**Problem details:** Only the lines from the beginning of the listing below through the line with "Our region stretches" belong in the answer; please print them exactly and drop the pictures.

Content starts

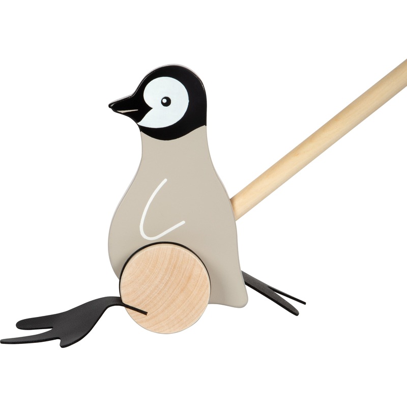 Mit dem Pinguin die Welt erkunden! Dieses niedliche Pinguinbaby zum Schieben aus Holz ist der ideale Begleiter fr kleine Laufanfnger bei ihren ersten Schritten.Dabei verfgt das Schiebetier ber Watschel-Fe, die beim Gehen lustige Gerusche machen und Kinder spielerisch zum Laufen lernen animieren. Mit gummierten Rdern fr ein bodenschonendes und geruscharmes Vorwrtskommen des Pinguins.Ein amsierendes Holzspielzeug fr die Kleinen und ein treuer Begleiter auf jedem Spaziergang! Mit fr Kinderhnde gut zu greifendem Griff und in der Mitte teilbarem Schiebestab.Der niedliche Watschel-Pinguin berzeugt durch die liebevolle, kindgerechte Gestaltung.Artikel: 12494Altersempfehlung: 18+ MonateMae: 13 x 6 x 64 cm, kleine Variante ca. 13 x 6 x 37 cm
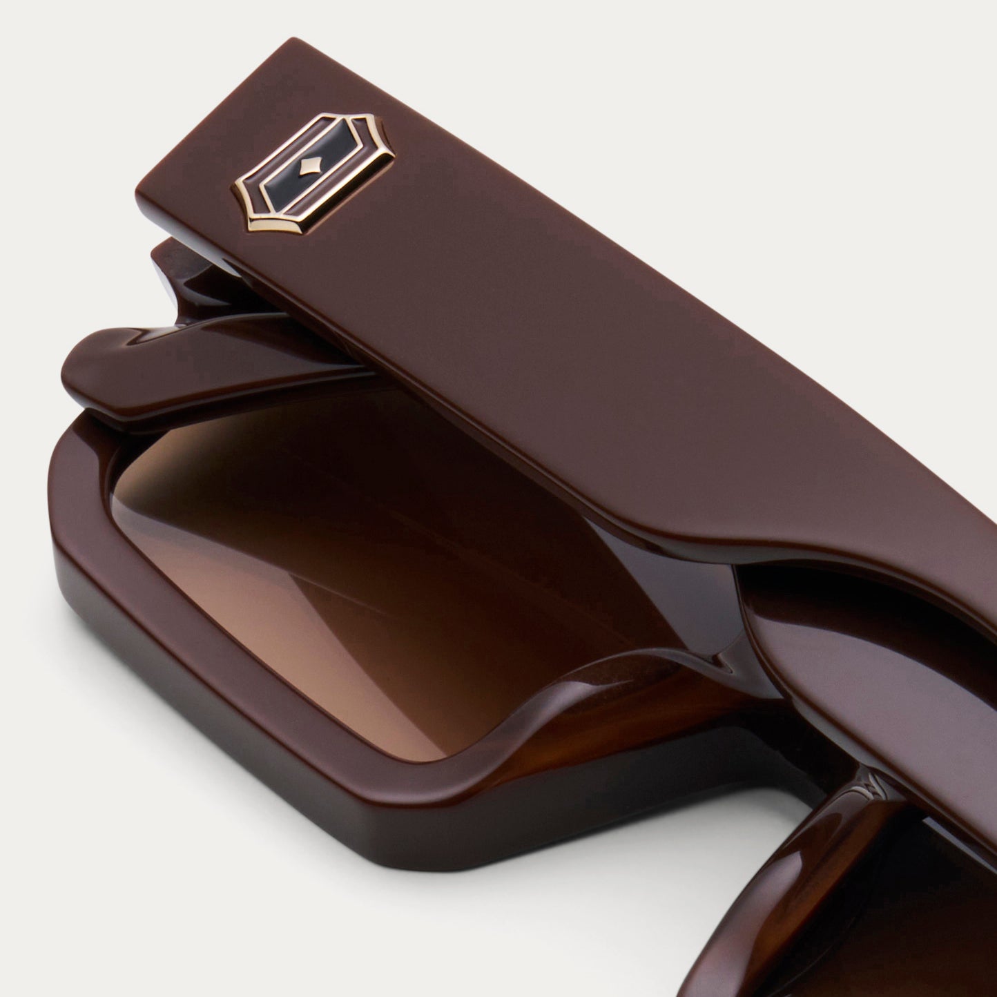The Titan is a bold, rectangular frame crafted from premium 8mm thick beveled acetate, featuring a prominent bevel along the top-front for an unmistakable look. The signature enamel-filled, 3D "O" logo adorns the temples, while the engraved lines on the temple tips provide a secure and comfortable fit.
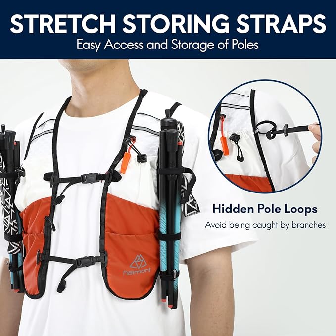 - IDEAL FOR OUTDOOR ACTIVITY: 5 L outdoor running vest with dual 500ml soft water bottles has lots of storage options, and allows you quick hydration at any time. (Trekking pole are not included) Haimont running hydration vest aims to accompany your trip of running, hiking, climbing, racing, trail, all-terrain races, etc
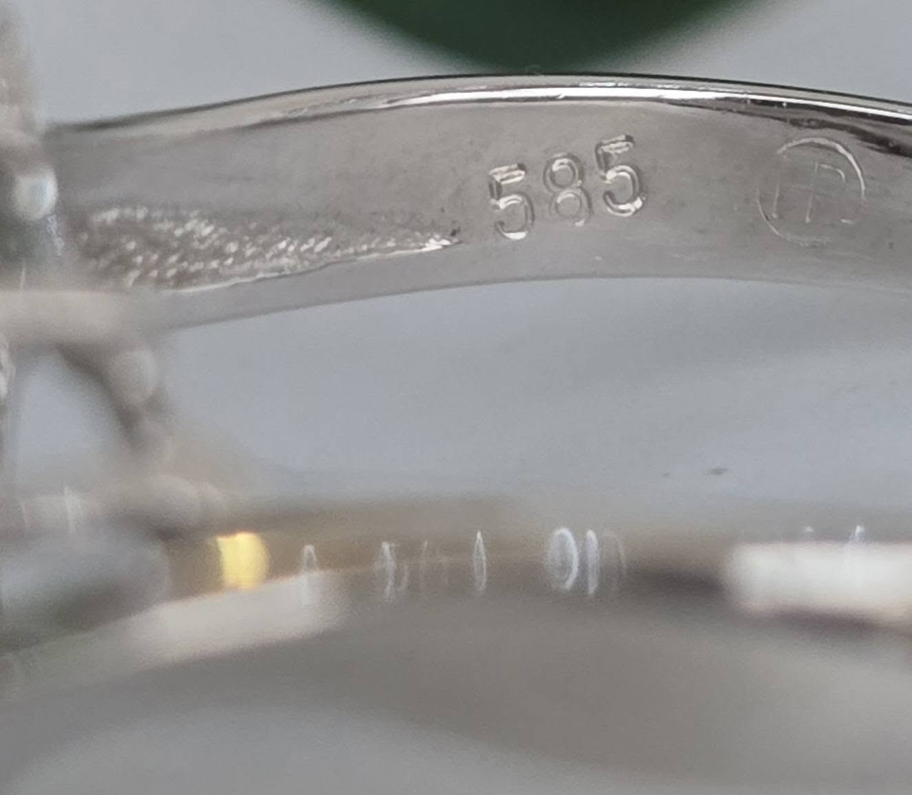 Prezintă marcaj 585 pentru puritate aur de 14K, marcaj "0.24" pentru caratajul diamantelor și marcaj de meșter.
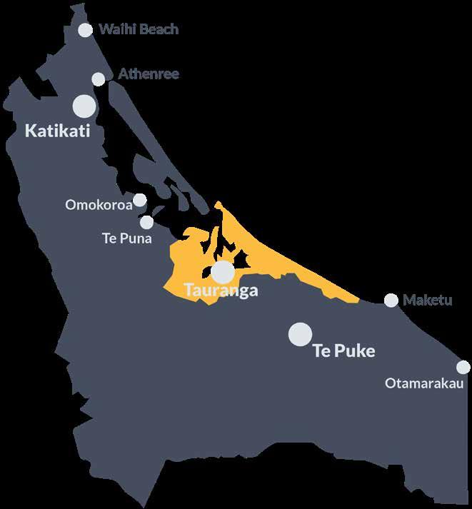 Our region stretches from Waihi Beach in the north, through to Otamarakau in the east, covering the same regions administered by Tauranga City Council and Western Bay of Plenty District Council.
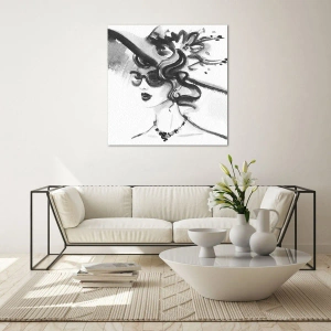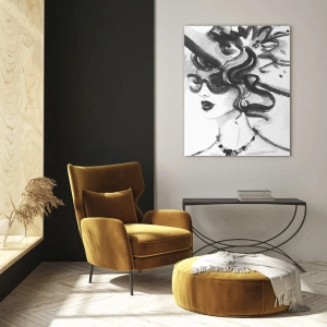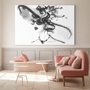 Obraz na szkle - Elegancka kobieta w kapeluszu w czarno-białym stylu - 80x120cm - Dama z charakterem - Nowoczesna dekoracja ścienna do salonu i sypialni ARTTOR
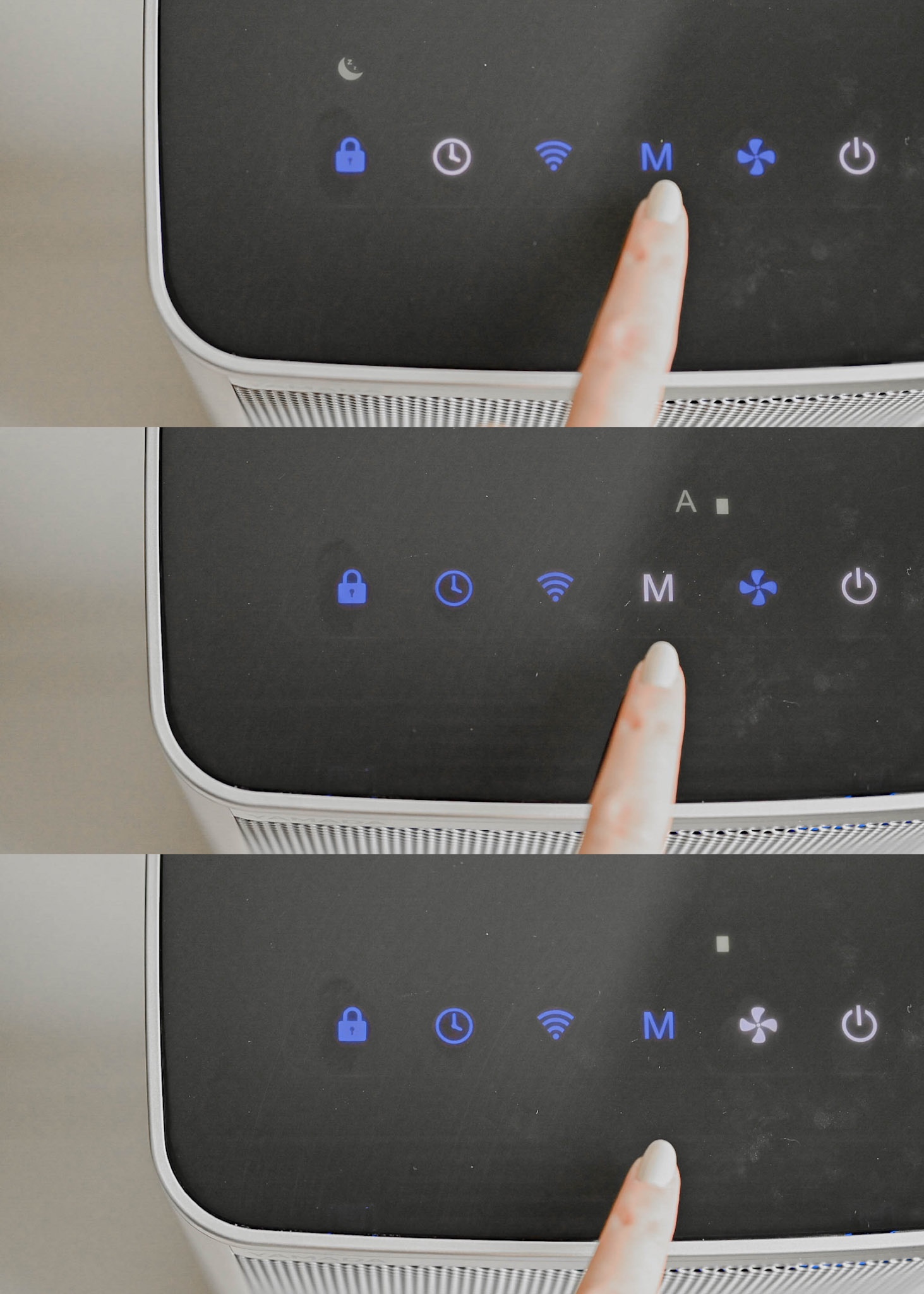 YAMADA靜電集塵空氣清淨機 為貼近使用者需求,設計3種模式:自動、手動、睡眠,透過觸控面板可自由切換。
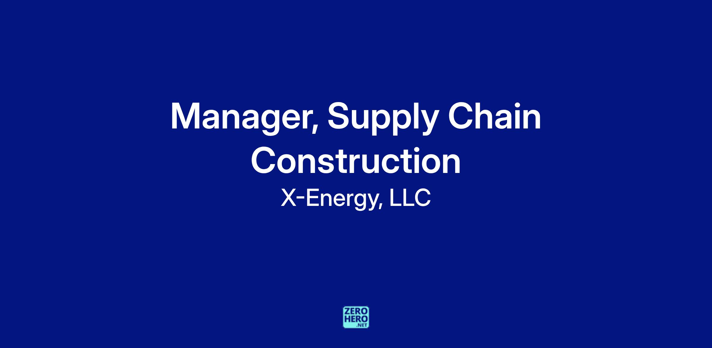 X-energy LLC is hiring a Supply Chain Construction Manager to support its Procurement team. This role supports the strategic direction and implementation of the Supply Chain Process and serves as a primary liaison with Key Suppliers and company stakeholders. The role manages multiple supply chain functions within the plant design, construction, and across our business operations.
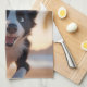 Custom text, cute black and white dog tea towel
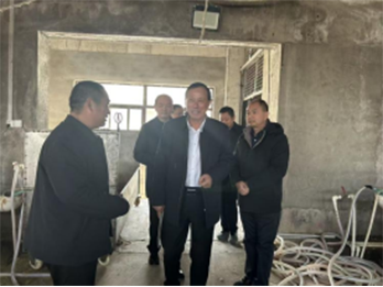 颜主任(右二)一行到孟集镇调研参观大鹅禽业养殖基地,陪同调研的有孟集镇党委方书记(右一),陪同调研的还有刘院长(左二)
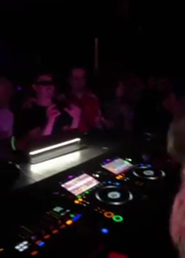DJ performing in a nightclub with an audience in front of them. The DJ is using a professional mixing board with two screens and various knobs and buttons. The DJ is wearing colorful clothing and appears to be enjoying the performance. The audience is diverse, with people of different races and genders. Some are dancing and raising their hands in the air, while others are standing and watching the DJ. The nightclub has dark lighting, with some spotlights illuminating the DJ and audience.
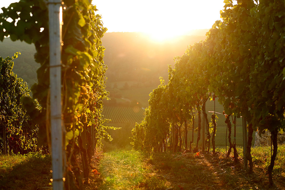 Weinstraße Bad Dürkheim Weinberg Spielberg mit Sonnenuntergang
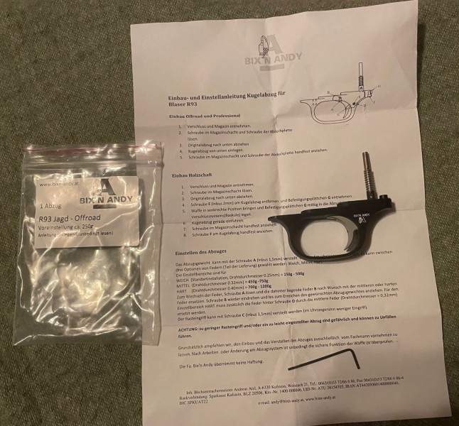 Er passt in die Blaser R93 mit Kunststoffschaft, konkret in die "Offroad" und "Professional" Modelle. Er ist leicht und schnell einzubauen. Ein entsprechendes Infoblatt ist dabei.
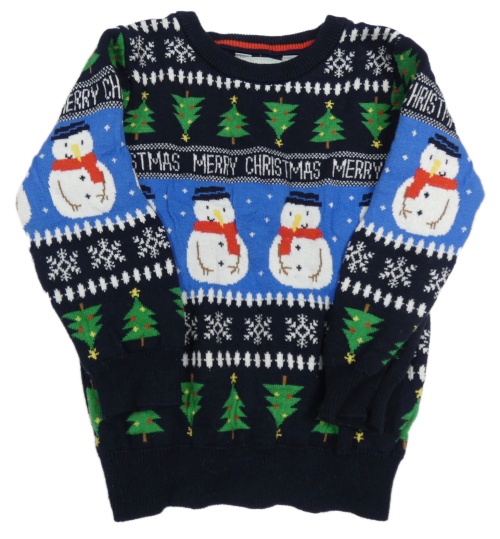 Tmavomodro-modrý sveter so stromky a sněhuláky Primark
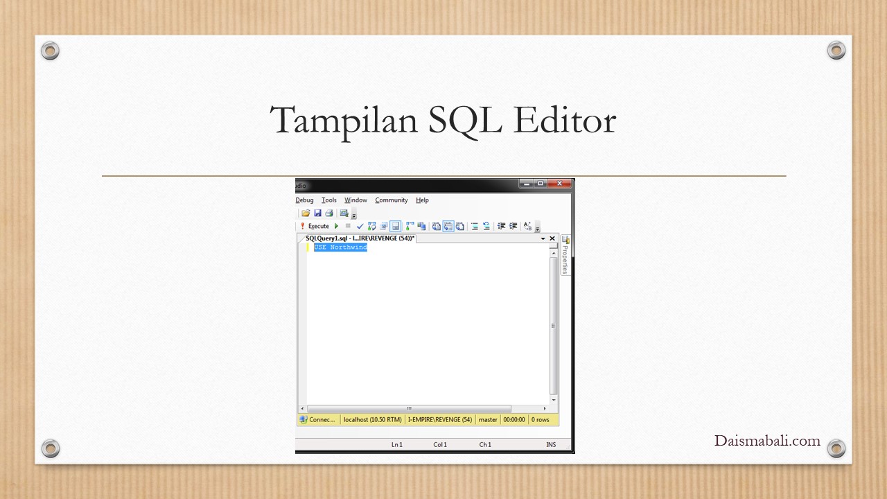 SQL Query Editor digunakan untuk mengetikkan perintah-perintah SQL untuk mengelola database dan objek-objeknya. Dan Untuk mengeksekusi perintah SQL, pilih (block) terlebih dahulu query yang diinginkan, kemudian tekan tombol “!Execute” atau tekan tombol “F5” pada keyboard.
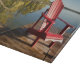 This amazing Getty Images photo features a red chair on a dock at the cottage looking out onto the water.

Content ends

**Written response:**
 Mit dem Pinguin die Welt erkunden! Dieses niedliche Pinguinbaby zum Schieben aus Holz ist der ideale Begleiter fr kleine Laufanfnger bei ihren ersten Schritten.Dabei verfgt das Schiebetier ber Watschel-Fe, die beim Gehen lustige Gerusche machen und Kinder spielerisch zum Laufen lernen animieren. Mit gummierten Rdern fr ein bodenschonendes und geruscharmes Vorwrtskommen des Pinguins.Ein amsierendes Holzspielzeug fr die Kleinen und ein treuer Begleiter auf jedem Spaziergang! Mit fr Kinderhnde gut zu greifendem Griff und in der Mitte teilbarem Schiebestab.Der niedliche Watschel-Pinguin berzeugt durch die liebevolle, kindgerechte Gestaltung.Artikel: 12494Altersempfehlung: 18+ MonateMae: 13 x 6 x 64 cm, kleine Variante ca. 13 x 6 x 37 cm
The Titan is a bold, rectangular frame crafted from premium 8mm thick beveled acetate, featuring a prominent bevel along the top-front for an unmistakable look. The signature enamel-filled, 3D "O" logo adorns the temples, while the engraved lines on the temple tips provide a secure and comfortable fit.
 - IDEAL FOR OUTDOOR ACTIVITY: 5 L outdoor running vest with dual 500ml soft water bottles has lots of storage options, and allows you quick hydration at any time. (Trekking pole are not included) Haimont running hydration vest aims to accompany your trip of running, hiking, climbing, racing, trail, all-terrain races, etc
 Prezintă marcaj 585 pentru puritate aur de 14K, marcaj "0.24" pentru caratajul diamantelor și marcaj de meșter.
 Our region stretches from Waihi Beach in the north, through to Otamarakau in the east, covering the same regions administered by Tauranga City Council and Western Bay of Plenty District Council.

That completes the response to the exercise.